During the state-of-the-art lectures in the eURO Auditorium, Prof. David Crawford (US) emphasised the need for a redefinition of the PSA biomarker, while Prof. Keong Tatt Foo (SG) sought to define IPP and BPH, and present the evidence for use of IPP for diagnosis.
“The best decision markers for biopsy and re-biopsy of the prostate are those which help determine whichmen have a cancer that would benefit from treatment,” said Crawford. According to the USPSTF and other organisations, physicians should not order PSA screening unless they are also willing to engage with patients and help them make an informed choice.
For Crawford, PSA should be routine, but the process of informed decision should only be done when the results are abnormal, which happens in around 30% of cases, according to screening data on more than 150,000 men. He then put forth biomarkers such as the 4K score and the PCA3, which could help eliminate needles repeat biopsies, and further differentiate the treatment pathway.
Prof. Keong Tat Foo began his presentation with a brief historical overview, and Benign Prostate causing Bladder Outlet Obstruction (BOO). He further stressed the importance of Intravesical Prostatic Protrusion (IPP), as useful for diagnosing and predicting BPH. This is because “Clinical BPH can be diagnosed more precisely with ultrasound (IPP) and uroflowmetry in the clinic,” said Foo. On the correlation of IPP with prostate volume and BOO, he added that IPP is a better predictor of obstruction than prostate volume.

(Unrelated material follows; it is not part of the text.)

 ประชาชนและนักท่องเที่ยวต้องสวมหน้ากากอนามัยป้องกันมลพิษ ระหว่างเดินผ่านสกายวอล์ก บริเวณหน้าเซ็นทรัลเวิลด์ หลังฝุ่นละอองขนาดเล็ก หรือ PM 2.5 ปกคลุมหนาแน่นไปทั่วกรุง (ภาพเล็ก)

He proposed that clinical decision making in LUTS and BPH needs to consider management as a whole, rather than “being like the blind man describing an elephant,” by only looking at IPP or IPSS/QOL, or PVRU alone. IPP predicts obstruction and progression of prostate adenoma, and PVR and QUL provide the stage. Therefore, If all measures are used, treatment can be tailored to the patient’s needs, and it can be more balanced and cost effective.